La prensa informó también de que González Peña ya tenía ultimado un plan para salir de España, para lo cual iba a ser llevado en una camioneta oculto entre unas cajas de botellas de sidra, hasta un pueblecito pesquero inmediato a Gijón, donde de madrugada se embarcaría en una barca a motor preparada al efecto, e incluso por si surgía alguna complicación, se había dispuesto otro camino alternativo por Santander.

Según las informaciones de los corresponsales, sometidas a censura previa, la noticia de la detención corrió como un reguero de pólvora por toda la villa, causando honda impresión, principalmente entre los obreros, y en los días que siguieron, desde los periódicos se fue exagerando la importancia de la acción policial publicando manifestaciones como que en todas partes había renacido la tranquilidad «pues aún se tenía el presentimiento por muchas gentes de que los hechos revolucionarios se pudieran reproducir, instigados por este alentador de masas», e incluso se llegó a afirmar que la caída del líder socialista venía a favorecer la reanudación de los trabajos en las minas, la entrega de las pistolas, fusiles, bombas y municiones que aún estaban ocultas en muchas casas e incluso la rendición de los grupos que aún sostenían la rebelión por los montes.

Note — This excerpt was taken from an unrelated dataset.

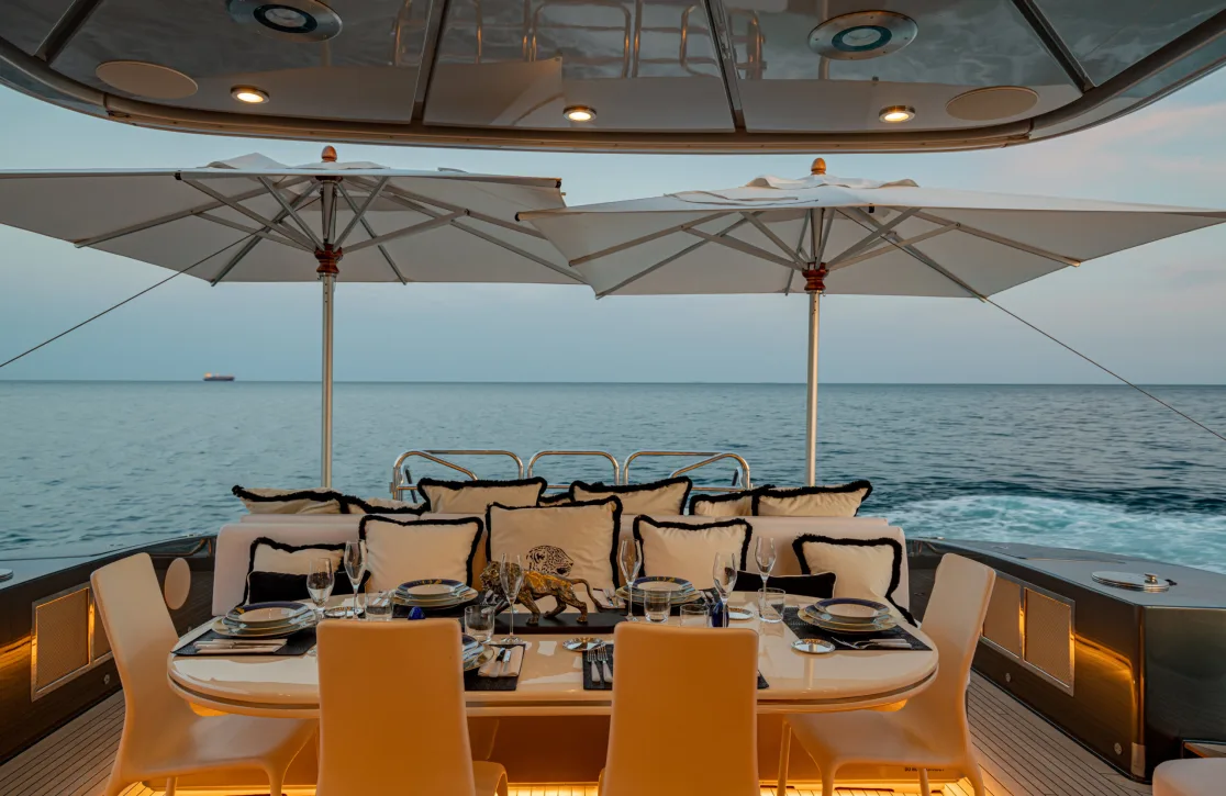 The Manu V, a masterpiece from the Leopard shipyard, offers an exceptional maritime journey for those who crave both elegance and adventure. Stretching over 34 meters, this yacht is a seamless blend of sophistication and performance, inviting you to explore vibrant coastlines and secluded coves with ease. Whether you are skimming the azure waves at an exhilarating 40 knots or anchored in a tranquil bay, the Manu V promises a voyage that captivates every sense. As you embark on this floating sanctuary, each moment becomes an opportunity to unwind, explore, and savor the boundless beauty of the Mediterranean, all meticulously curated by a dedicated crew of five.

Mientras tanto, en el cuartel ovetense, Peña manifestaba que había leído la prensa todos los días y que no le gustaba el trato que le daban los periódicos, pues él no era todo lo que se decía y hacía la sorprendente declaración de que en el momento de ser detenido acababa de acostarse después de terminar de leer todos los libros que poseía la dueña de la casa, «libros religiosos que habían obrado en su espíritu causándole los mismos efectos que el opio» y dijo que en la celda al menos podría descansar, pues llevaba varios días de inquietud constante.

Pronto se le hicieron también las primeras preguntas sobre el paradero del dinero sacado del Banco de España durante el asalto revolucionario, pero, a juzgar por lo que llevaba en los bolsillos del pantalón que se puso apresuradamente en Ablaña, el interrogatorio prometía ser duro: una peseta y setenta y cinco céntimos.